Could you give back exactly the lines below from the one with "与GLP-1RA的作用机制不" through the one with "商品説明 | ・・体操着やお道具入れにぴったり。サラッと軽い巾着(Lサイズ)が登場。", without a single picture?

# # #

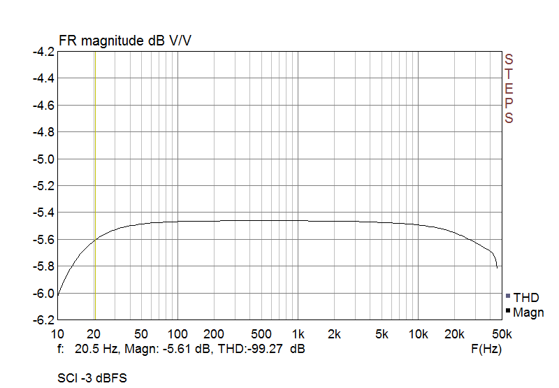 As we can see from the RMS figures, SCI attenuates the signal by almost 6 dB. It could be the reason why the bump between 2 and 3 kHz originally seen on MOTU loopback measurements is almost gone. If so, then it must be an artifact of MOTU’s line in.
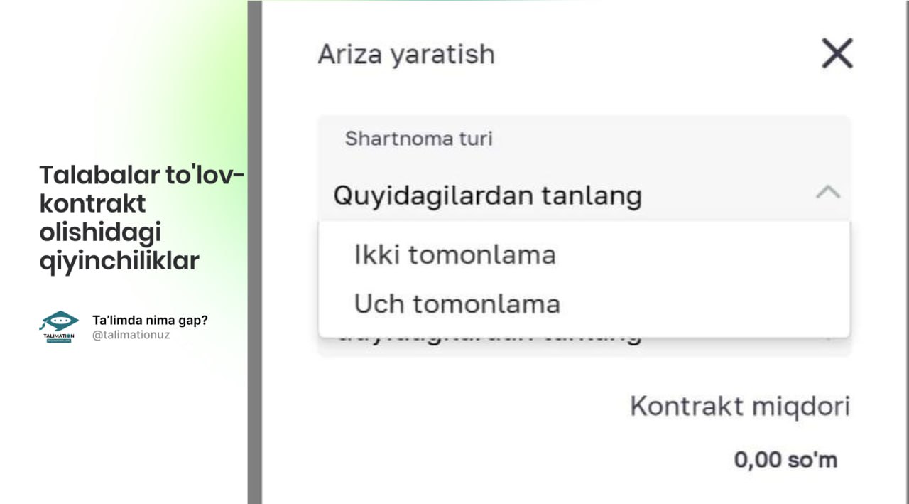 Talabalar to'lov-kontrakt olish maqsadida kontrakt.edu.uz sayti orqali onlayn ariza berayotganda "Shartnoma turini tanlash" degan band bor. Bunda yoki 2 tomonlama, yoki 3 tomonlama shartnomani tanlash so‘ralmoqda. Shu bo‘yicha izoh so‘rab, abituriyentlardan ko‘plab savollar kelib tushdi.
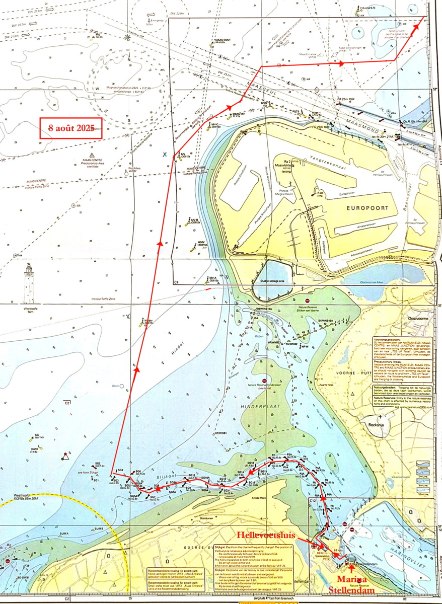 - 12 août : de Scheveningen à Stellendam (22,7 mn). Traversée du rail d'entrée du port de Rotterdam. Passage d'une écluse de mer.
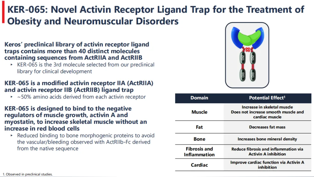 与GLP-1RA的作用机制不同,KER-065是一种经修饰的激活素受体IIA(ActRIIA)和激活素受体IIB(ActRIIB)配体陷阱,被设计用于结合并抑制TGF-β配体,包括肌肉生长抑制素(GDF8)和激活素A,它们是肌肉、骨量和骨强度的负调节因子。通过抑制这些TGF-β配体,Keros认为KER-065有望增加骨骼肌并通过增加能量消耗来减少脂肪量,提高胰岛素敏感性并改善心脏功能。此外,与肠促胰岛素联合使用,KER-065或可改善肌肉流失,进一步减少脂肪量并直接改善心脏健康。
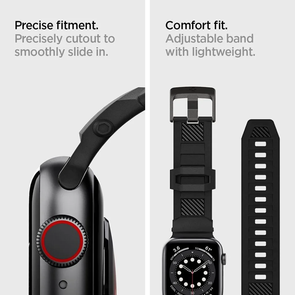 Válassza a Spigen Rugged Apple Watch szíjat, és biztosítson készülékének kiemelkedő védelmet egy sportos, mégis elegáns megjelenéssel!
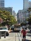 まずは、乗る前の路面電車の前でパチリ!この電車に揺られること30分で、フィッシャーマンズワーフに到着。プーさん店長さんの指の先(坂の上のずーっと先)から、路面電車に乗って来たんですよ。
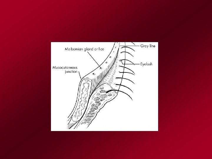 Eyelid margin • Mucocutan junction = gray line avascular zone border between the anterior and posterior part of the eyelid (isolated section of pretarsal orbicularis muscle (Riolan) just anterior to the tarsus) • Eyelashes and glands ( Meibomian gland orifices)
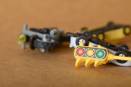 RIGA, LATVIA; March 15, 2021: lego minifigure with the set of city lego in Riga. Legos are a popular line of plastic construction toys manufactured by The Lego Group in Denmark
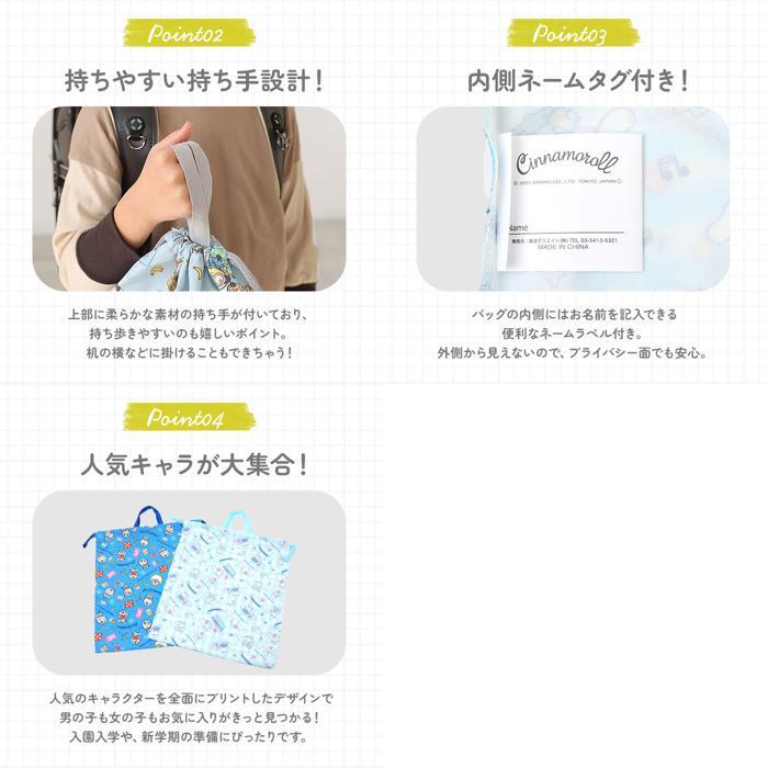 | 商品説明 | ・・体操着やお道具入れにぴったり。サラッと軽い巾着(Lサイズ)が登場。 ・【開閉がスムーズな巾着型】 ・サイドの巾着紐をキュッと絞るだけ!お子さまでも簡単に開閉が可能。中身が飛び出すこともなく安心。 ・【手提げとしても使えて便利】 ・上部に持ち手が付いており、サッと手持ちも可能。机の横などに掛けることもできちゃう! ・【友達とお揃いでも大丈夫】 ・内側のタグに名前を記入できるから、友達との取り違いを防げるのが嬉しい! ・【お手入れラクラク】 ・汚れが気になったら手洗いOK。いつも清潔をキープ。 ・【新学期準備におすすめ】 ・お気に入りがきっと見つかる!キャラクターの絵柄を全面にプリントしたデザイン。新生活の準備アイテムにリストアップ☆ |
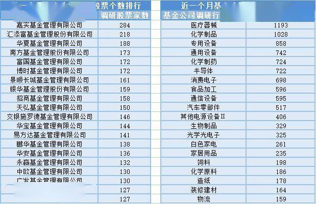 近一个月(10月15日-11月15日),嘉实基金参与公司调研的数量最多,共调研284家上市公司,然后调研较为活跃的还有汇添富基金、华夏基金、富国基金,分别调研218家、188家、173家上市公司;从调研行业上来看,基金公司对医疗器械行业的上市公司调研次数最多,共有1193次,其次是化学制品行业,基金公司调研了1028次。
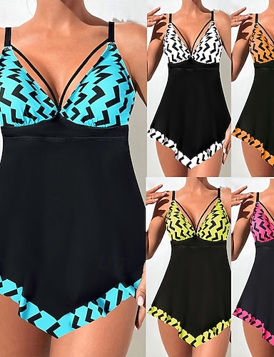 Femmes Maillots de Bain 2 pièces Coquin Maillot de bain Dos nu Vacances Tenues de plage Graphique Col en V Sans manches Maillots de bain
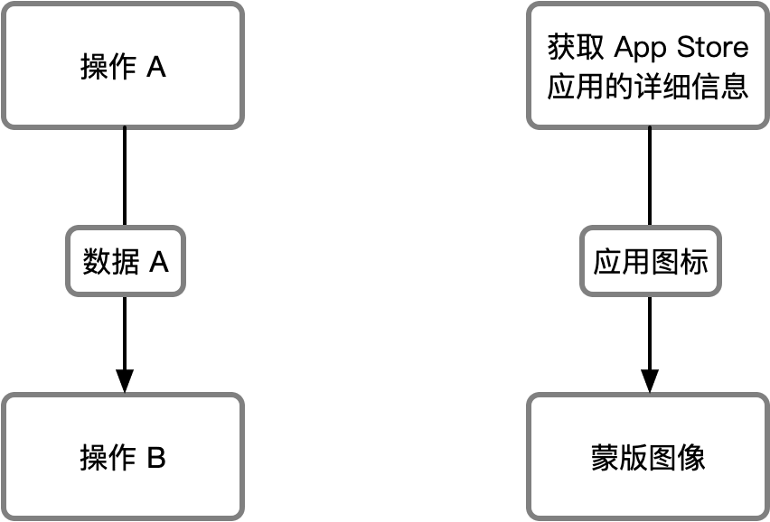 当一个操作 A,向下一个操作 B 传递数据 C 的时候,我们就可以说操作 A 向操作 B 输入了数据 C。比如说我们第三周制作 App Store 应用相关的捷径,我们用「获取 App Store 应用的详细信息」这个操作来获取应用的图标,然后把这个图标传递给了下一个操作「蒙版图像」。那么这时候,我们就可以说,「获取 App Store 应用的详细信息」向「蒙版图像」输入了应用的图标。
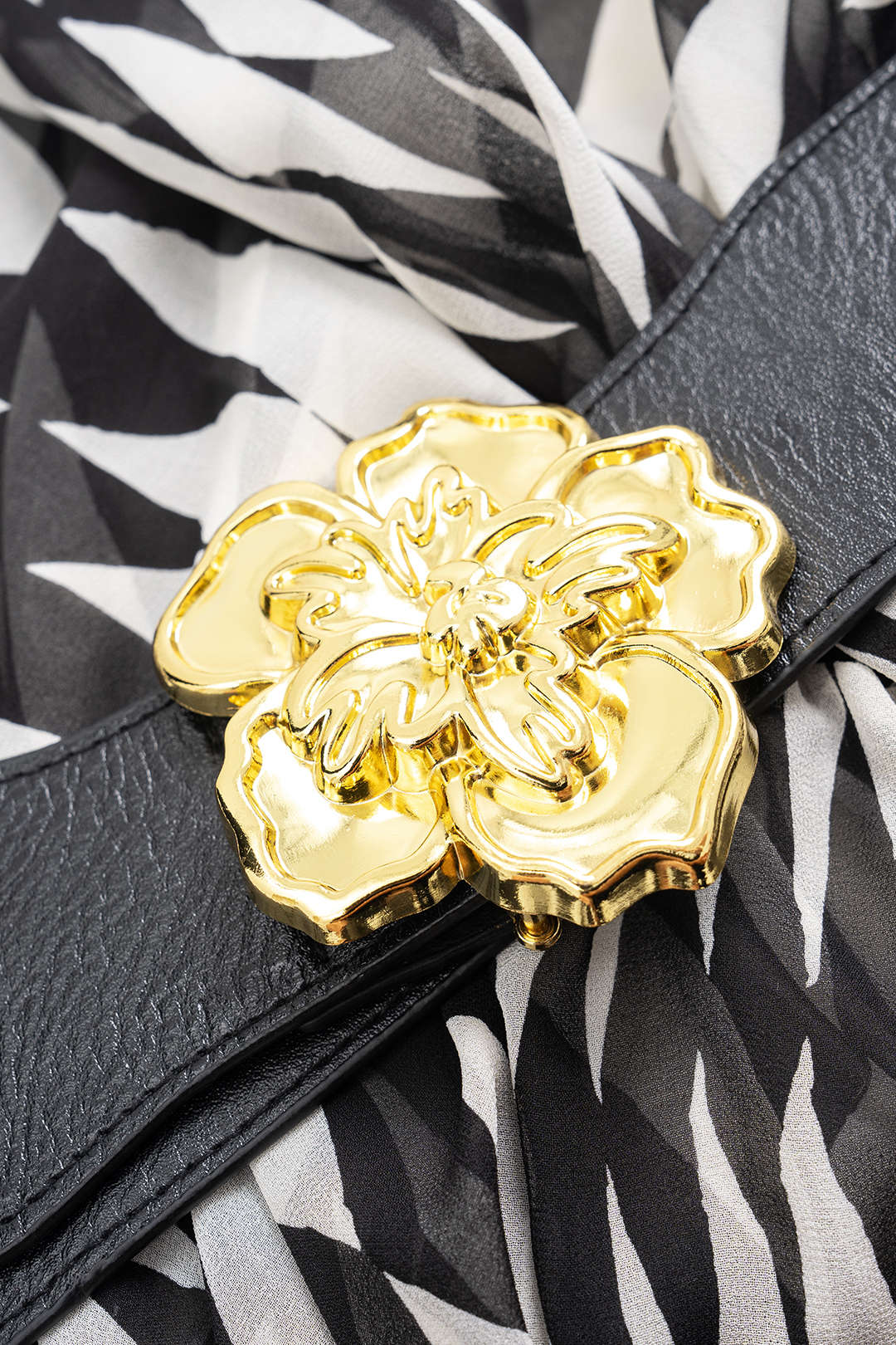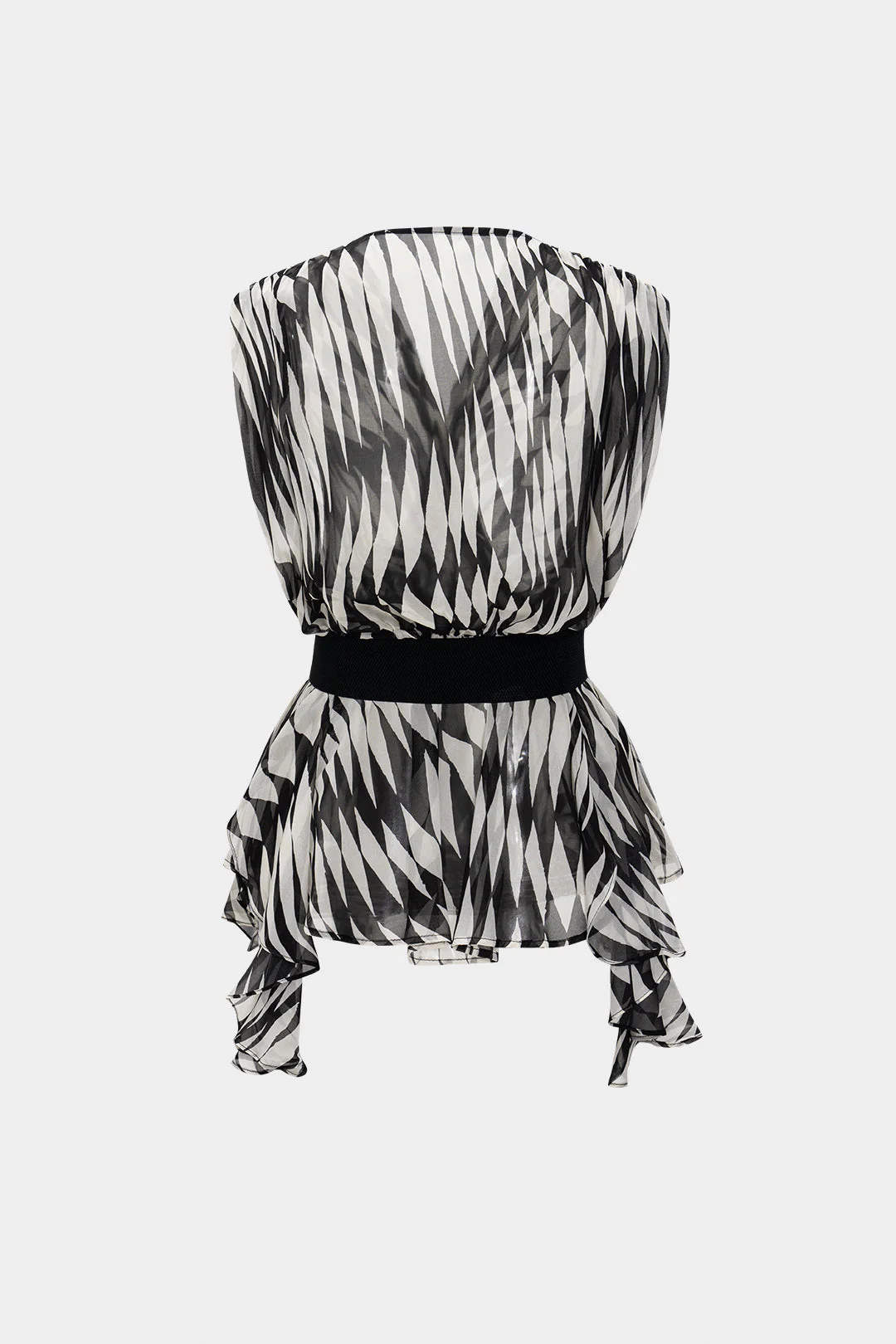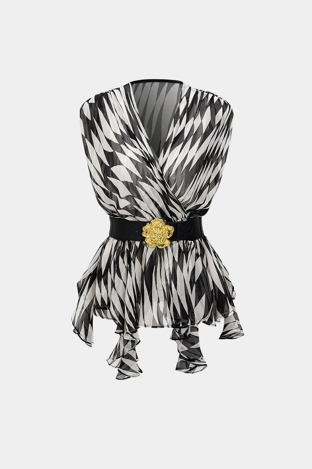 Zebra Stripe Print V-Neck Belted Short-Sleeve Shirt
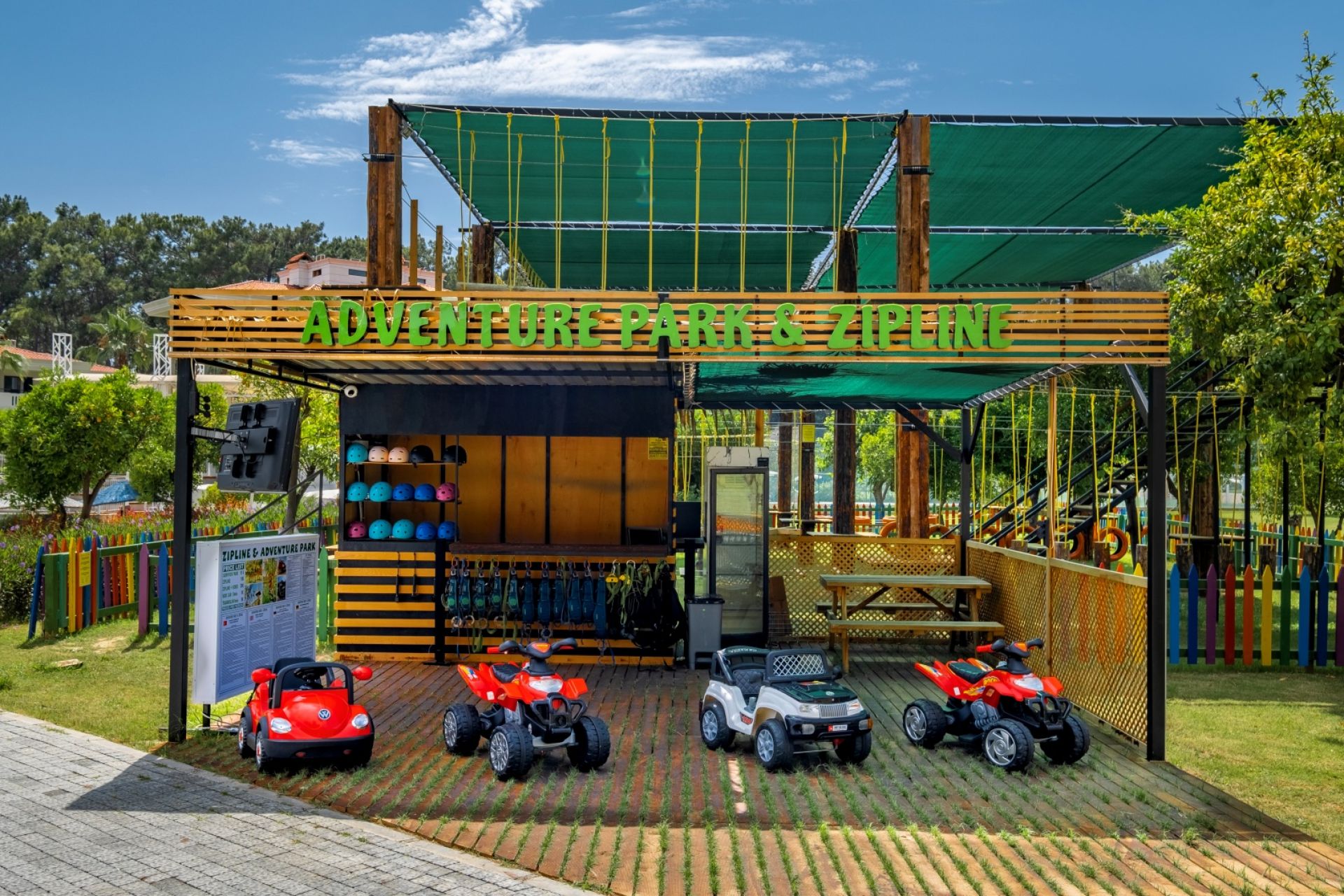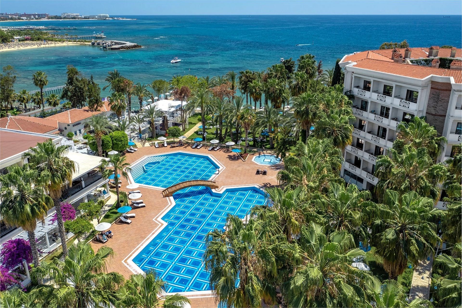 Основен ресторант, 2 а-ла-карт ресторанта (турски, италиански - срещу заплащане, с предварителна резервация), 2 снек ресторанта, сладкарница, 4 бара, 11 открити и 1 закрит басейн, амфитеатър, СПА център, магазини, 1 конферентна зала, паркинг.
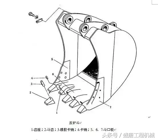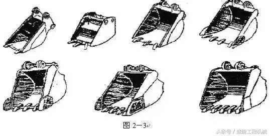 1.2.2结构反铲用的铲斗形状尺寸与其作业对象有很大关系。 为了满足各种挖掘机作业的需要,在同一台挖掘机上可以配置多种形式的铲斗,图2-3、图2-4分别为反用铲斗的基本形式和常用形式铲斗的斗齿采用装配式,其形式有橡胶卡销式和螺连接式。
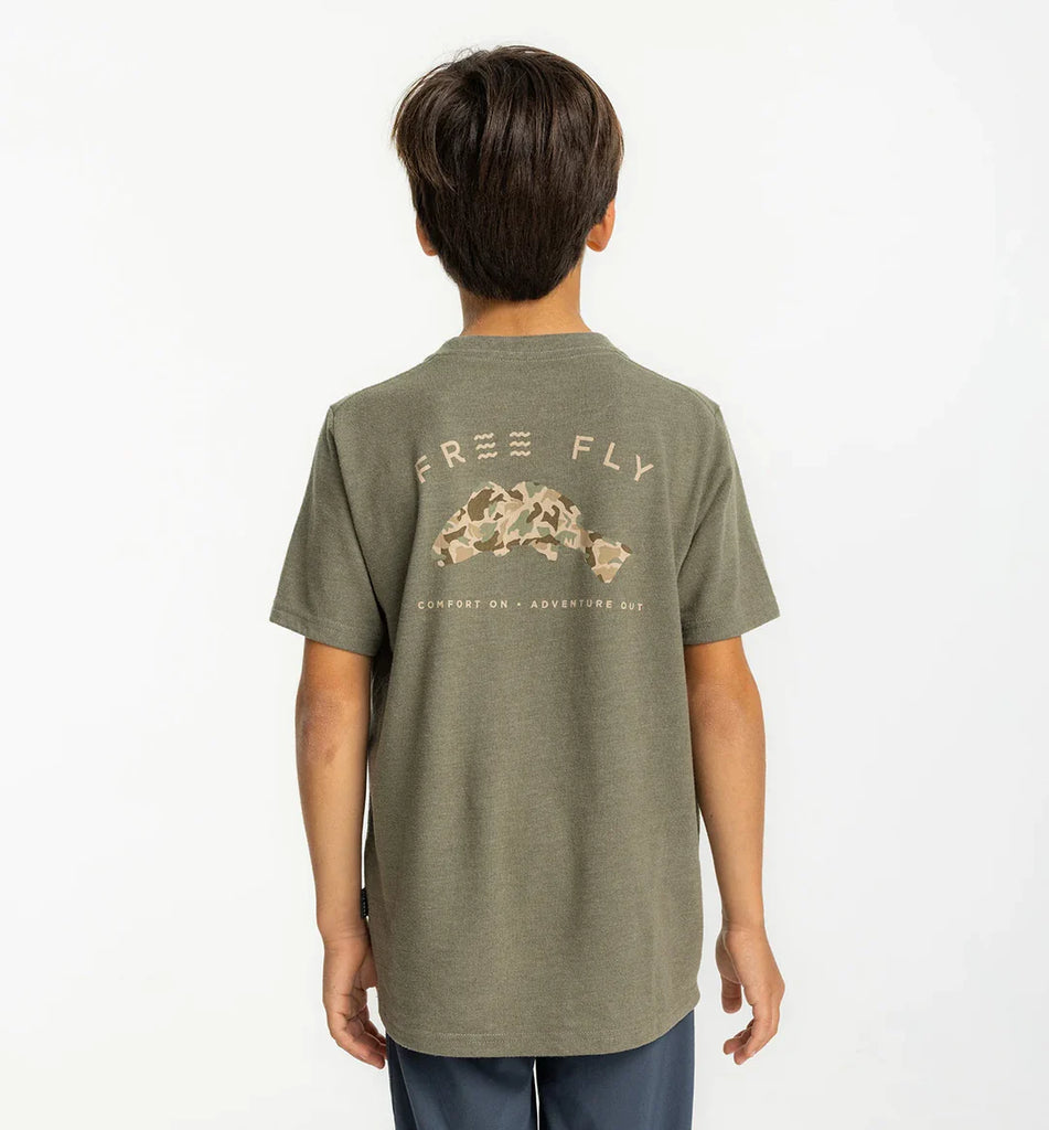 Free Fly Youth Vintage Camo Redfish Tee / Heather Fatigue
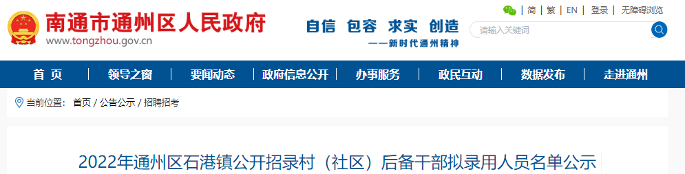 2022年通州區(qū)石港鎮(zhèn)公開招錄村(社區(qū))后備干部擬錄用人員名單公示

# # #

Answer section:
 与GLP-1RA的作用机制不同,KER-065是一种经修饰的激活素受体IIA(ActRIIA)和激活素受体IIB(ActRIIB)配体陷阱,被设计用于结合并抑制TGF-β配体,包括肌肉生长抑制素(GDF8)和激活素A,它们是肌肉、骨量和骨强度的负调节因子。通过抑制这些TGF-β配体,Keros认为KER-065有望增加骨骼肌并通过增加能量消耗来减少脂肪量,提高胰岛素敏感性并改善心脏功能。此外,与肠促胰岛素联合使用,KER-065或可改善肌肉流失,进一步减少脂肪量并直接改善心脏健康。
 Válassza a Spigen Rugged Apple Watch szíjat, és biztosítson készülékének kiemelkedő védelmet egy sportos, mégis elegáns megjelenéssel!
 まずは、乗る前の路面電車の前でパチリ!この電車に揺られること30分で、フィッシャーマンズワーフに到着。プーさん店長さんの指の先(坂の上のずーっと先)から、路面電車に乗って来たんですよ。
 Eyelid margin • Mucocutan junction = gray line avascular zone border between the anterior and posterior part of the eyelid (isolated section of pretarsal orbicularis muscle (Riolan) just anterior to the tarsus) • Eyelashes and glands ( Meibomian gland orifices)
 RIGA, LATVIA; March 15, 2021: lego minifigure with the set of city lego in Riga. Legos are a popular line of plastic construction toys manufactured by The Lego Group in Denmark
 | 商品説明 | ・・体操着やお道具入れにぴったり。サラッと軽い巾着(Lサイズ)が登場。 ・【開閉がスムーズな巾着型】 ・サイドの巾着紐をキュッと絞るだけ!お子さまでも簡単に開閉が可能。中身が飛び出すこともなく安心。 ・【手提げとしても使えて便利】 ・上部に持ち手が付いており、サッと手持ちも可能。机の横などに掛けることもできちゃう! ・【友達とお揃いでも大丈夫】 ・内側のタグに名前を記入できるから、友達との取り違いを防げるのが嬉しい! ・【お手入れラクラク】 ・汚れが気になったら手洗いOK。いつも清潔をキープ。 ・【新学期準備におすすめ】 ・お気に入りがきっと見つかる!キャラクターの絵柄を全面にプリントしたデザイン。新生活の準備アイテムにリストアップ☆ |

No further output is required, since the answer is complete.